■ **What to do**
I'd ask you to write out the lines below exactly, with no images.

■ **Data extract**

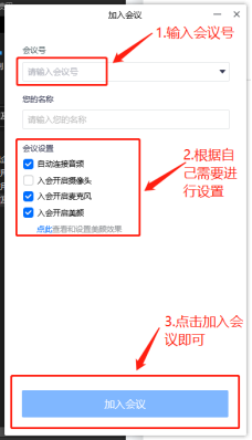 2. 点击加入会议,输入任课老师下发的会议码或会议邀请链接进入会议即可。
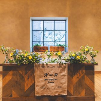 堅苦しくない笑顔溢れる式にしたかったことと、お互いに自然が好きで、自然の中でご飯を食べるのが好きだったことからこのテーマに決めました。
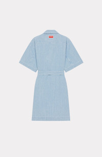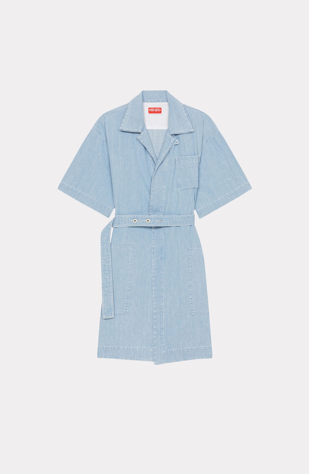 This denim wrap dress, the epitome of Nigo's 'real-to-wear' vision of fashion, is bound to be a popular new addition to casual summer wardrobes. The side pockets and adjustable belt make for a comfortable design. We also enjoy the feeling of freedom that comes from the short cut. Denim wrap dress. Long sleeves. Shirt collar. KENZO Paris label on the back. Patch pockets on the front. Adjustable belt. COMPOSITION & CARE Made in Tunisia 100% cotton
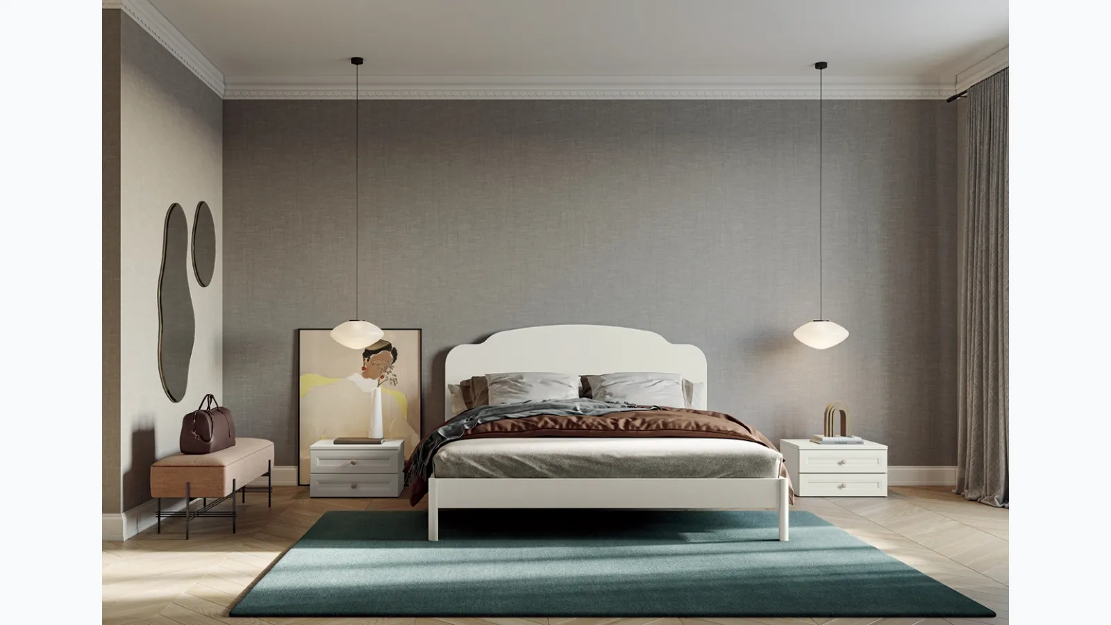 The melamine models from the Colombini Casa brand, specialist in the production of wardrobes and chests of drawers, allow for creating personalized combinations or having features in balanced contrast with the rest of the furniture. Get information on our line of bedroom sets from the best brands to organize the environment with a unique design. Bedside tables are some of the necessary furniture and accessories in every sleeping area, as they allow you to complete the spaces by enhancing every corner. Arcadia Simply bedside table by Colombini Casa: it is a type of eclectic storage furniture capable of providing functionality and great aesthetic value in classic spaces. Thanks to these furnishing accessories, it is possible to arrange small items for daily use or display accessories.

■ **Result for this exercise**
 2. 点击加入会议,输入任课老师下发的会议码或会议邀请链接进入会议即可。
 堅苦しくない笑顔溢れる式にしたかったことと、お互いに自然が好きで、自然の中でご飯を食べるのが好きだったことからこのテーマに決めました。
 This denim wrap dress, the epitome of Nigo's 'real-to-wear' vision of fashion, is bound to be a popular new addition to casual summer wardrobes. The side pockets and adjustable belt make for a comfortable design. We also enjoy the feeling of freedom that comes from the short cut. Denim wrap dress. Long sleeves. Shirt collar. KENZO Paris label on the back. Patch pockets on the front. Adjustable belt. COMPOSITION & CARE Made in Tunisia 100% cotton
 The melamine models from the Colombini Casa brand, specialist in the production of wardrobes and chests of drawers, allow for creating personalized combinations or having features in balanced contrast with the rest of the furniture. Get information on our line of bedroom sets from the best brands to organize the environment with a unique design. Bedside tables are some of the necessary furniture and accessories in every sleeping area, as they allow you to complete the spaces by enhancing every corner. Arcadia Simply bedside table by Colombini Casa: it is a type of eclectic storage furniture capable of providing functionality and great aesthetic value in classic spaces. Thanks to these furnishing accessories, it is possible to arrange small items for daily use or display accessories.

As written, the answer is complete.